3. The rap act then filmed a video showing the excessive borrowed wealth.
- 4. Encouraged by the displays of wealth, consumers would buy the album, cycling liquidity back into the record company, which would pay the rap act.
5. The rap act then paid back its debts to the record company, or otherwise financed or cleared its credit with its revenue.

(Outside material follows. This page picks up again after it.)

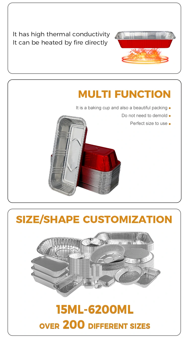 Yunchu Aluminium Foil vám poskytuje vysoce kvalitní obdélníkové červené cateringové stříbrné hliníkové fóliové kontejnery, které jsou navrženy tak, aby byly odolné a tepelně odolné, mohou rovnoměrně vést teplo, aby se zabránilo zuhelnatění, a mají silné těsnění, aby zůstaly čerstvé.

6. The rap act and record company would then use the successes of previous songs and albums to secure financing for subsequent songs and albums, with ever larger displays of wealth involved.
A Street-Cred Crunch
The problem of a significantly geared-up rapper should have been pretty obvious. Say that Busta Rhymes borrows $5 MM to get a fleet of Escalades, a glow-in-the-dark club, women covered in gold dust, three diamond necklaces, a pair of earrings shaped like interstate highway road signs, a steamroller and some fresh grills with his name on them (not to mention the hottest new director, a full production crew and a five-story camera crane) for his hot new video.

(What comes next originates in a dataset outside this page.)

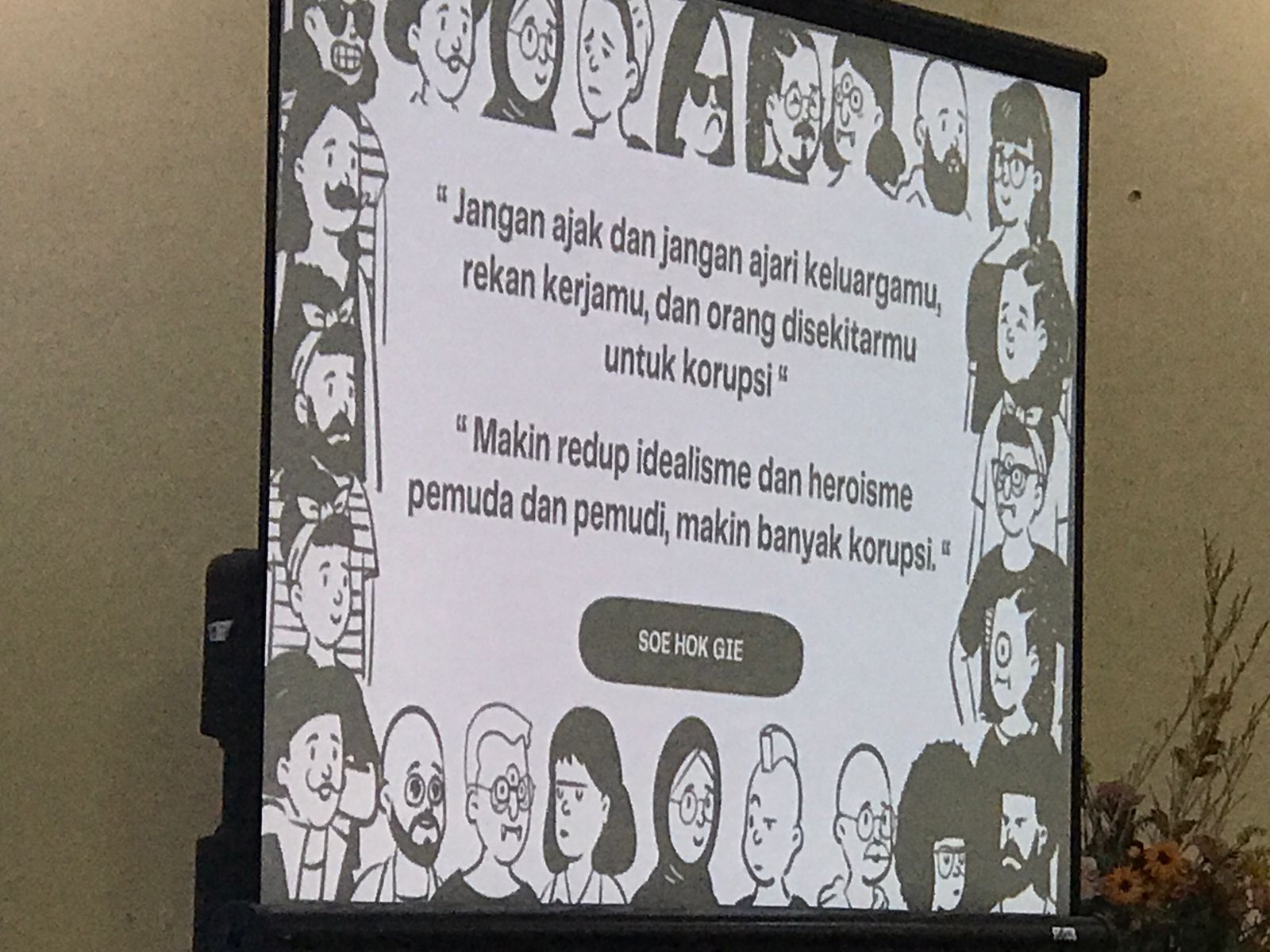 Danu Umbara, memaparkan materi yang diadaptasi dari ACLC KPK antara lain definisi yuridis korupsi, 7 delik korupsi, dan teori penyebab korupsi didasarkan pada pendapat Jack Bologne yang lebih dikenal dengan GONE Theory.

If the song makes a profit, it will be outsized by the bling factor, and after he returns the borrowed bling, he reaps rich returns on his investment, made all the richer by the fact that he didn’t have to put up his own diamonds.
But if the album disappoints, then the effective value of the assets Busta has borrowed plummets between when he borrows and when he has to realize his earnings. Not only has Busta failed to turn a profit, but his margin call eats into his balance sheet, which, despite boom times in record sales, is undercapitalized (that “Woo-Hah!! (Got You All In Check)” money doesn’t last forever). He may be able to borrow more money for an even bigger video next time, but at some point the very real risk emerges that there might be a confidence crisis in his rapping, and Busta may go Bust.
And he can’t necessarily count on being bailed out by Flipmode Squad, which is also very thin on capital reserves, due to the failure of Spliff Star’s solo album to really catch on. And Puffy can only Make so many Bands.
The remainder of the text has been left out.